#### Information supplied:
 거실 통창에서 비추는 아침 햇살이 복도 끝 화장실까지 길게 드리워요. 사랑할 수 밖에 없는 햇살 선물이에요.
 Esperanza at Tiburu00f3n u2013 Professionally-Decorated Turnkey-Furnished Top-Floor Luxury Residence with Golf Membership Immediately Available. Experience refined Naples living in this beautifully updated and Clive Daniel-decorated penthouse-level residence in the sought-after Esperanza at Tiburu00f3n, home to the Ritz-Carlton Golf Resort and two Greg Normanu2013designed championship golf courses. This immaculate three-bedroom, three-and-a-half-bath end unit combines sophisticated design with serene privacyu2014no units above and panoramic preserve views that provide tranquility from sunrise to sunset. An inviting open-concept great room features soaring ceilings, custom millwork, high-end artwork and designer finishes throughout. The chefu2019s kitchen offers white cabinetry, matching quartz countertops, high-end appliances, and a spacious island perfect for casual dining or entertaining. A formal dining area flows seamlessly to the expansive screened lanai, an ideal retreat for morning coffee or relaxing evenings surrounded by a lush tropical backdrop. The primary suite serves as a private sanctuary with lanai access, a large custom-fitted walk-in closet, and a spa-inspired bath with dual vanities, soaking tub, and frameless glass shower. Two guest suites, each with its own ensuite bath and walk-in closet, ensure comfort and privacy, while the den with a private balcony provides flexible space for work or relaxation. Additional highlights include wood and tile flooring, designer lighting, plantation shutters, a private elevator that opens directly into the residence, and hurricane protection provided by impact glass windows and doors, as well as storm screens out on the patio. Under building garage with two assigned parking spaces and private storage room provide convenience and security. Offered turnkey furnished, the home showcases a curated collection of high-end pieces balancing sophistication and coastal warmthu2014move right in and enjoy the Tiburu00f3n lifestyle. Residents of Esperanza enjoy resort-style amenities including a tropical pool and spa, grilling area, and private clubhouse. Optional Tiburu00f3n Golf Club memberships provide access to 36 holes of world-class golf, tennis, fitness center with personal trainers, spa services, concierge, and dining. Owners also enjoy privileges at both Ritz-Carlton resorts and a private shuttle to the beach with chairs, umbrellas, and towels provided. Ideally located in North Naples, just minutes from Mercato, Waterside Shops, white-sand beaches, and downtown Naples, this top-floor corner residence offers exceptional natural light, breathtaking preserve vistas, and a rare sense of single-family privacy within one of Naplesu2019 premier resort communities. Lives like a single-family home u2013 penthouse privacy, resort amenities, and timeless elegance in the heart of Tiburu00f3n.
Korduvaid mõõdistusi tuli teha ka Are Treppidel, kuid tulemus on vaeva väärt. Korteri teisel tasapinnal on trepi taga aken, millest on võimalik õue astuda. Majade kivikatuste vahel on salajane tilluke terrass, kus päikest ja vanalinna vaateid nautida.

#### Work to be completed:
Please output the listing in full, exactly as it was given above.

#### Response to this task:
 거실 통창에서 비추는 아침 햇살이 복도 끝 화장실까지 길게 드리워요. 사랑할 수 밖에 없는 햇살 선물이에요.
 Esperanza at Tiburu00f3n u2013 Professionally-Decorated Turnkey-Furnished Top-Floor Luxury Residence with Golf Membership Immediately Available. Experience refined Naples living in this beautifully updated and Clive Daniel-decorated penthouse-level residence in the sought-after Esperanza at Tiburu00f3n, home to the Ritz-Carlton Golf Resort and two Greg Normanu2013designed championship golf courses. This immaculate three-bedroom, three-and-a-half-bath end unit combines sophisticated design with serene privacyu2014no units above and panoramic preserve views that provide tranquility from sunrise to sunset. An inviting open-concept great room features soaring ceilings, custom millwork, high-end artwork and designer finishes throughout. The chefu2019s kitchen offers white cabinetry, matching quartz countertops, high-end appliances, and a spacious island perfect for casual dining or entertaining. A formal dining area flows seamlessly to the expansive screened lanai, an ideal retreat for morning coffee or relaxing evenings surrounded by a lush tropical backdrop. The primary suite serves as a private sanctuary with lanai access, a large custom-fitted walk-in closet, and a spa-inspired bath with dual vanities, soaking tub, and frameless glass shower. Two guest suites, each with its own ensuite bath and walk-in closet, ensure comfort and privacy, while the den with a private balcony provides flexible space for work or relaxation. Additional highlights include wood and tile flooring, designer lighting, plantation shutters, a private elevator that opens directly into the residence, and hurricane protection provided by impact glass windows and doors, as well as storm screens out on the patio. Under building garage with two assigned parking spaces and private storage room provide convenience and security. Offered turnkey furnished, the home showcases a curated collection of high-end pieces balancing sophistication and coastal warmthu2014move right in and enjoy the Tiburu00f3n lifestyle. Residents of Esperanza enjoy resort-style amenities including a tropical pool and spa, grilling area, and private clubhouse. Optional Tiburu00f3n Golf Club memberships provide access to 36 holes of world-class golf, tennis, fitness center with personal trainers, spa services, concierge, and dining. Owners also enjoy privileges at both Ritz-Carlton resorts and a private shuttle to the beach with chairs, umbrellas, and towels provided. Ideally located in North Naples, just minutes from Mercato, Waterside Shops, white-sand beaches, and downtown Naples, this top-floor corner residence offers exceptional natural light, breathtaking preserve vistas, and a rare sense of single-family privacy within one of Naplesu2019 premier resort communities. Lives like a single-family home u2013 penthouse privacy, resort amenities, and timeless elegance in the heart of Tiburu00f3n.
Korduvaid mõõdistusi tuli teha ka Are Treppidel, kuid tulemus on vaeva väärt. Korteri teisel tasapinnal on trepi taga aken, millest on võimalik õue astuda. Majade kivikatuste vahel on salajane tilluke terrass, kus päikest ja vanalinna vaateid nautida.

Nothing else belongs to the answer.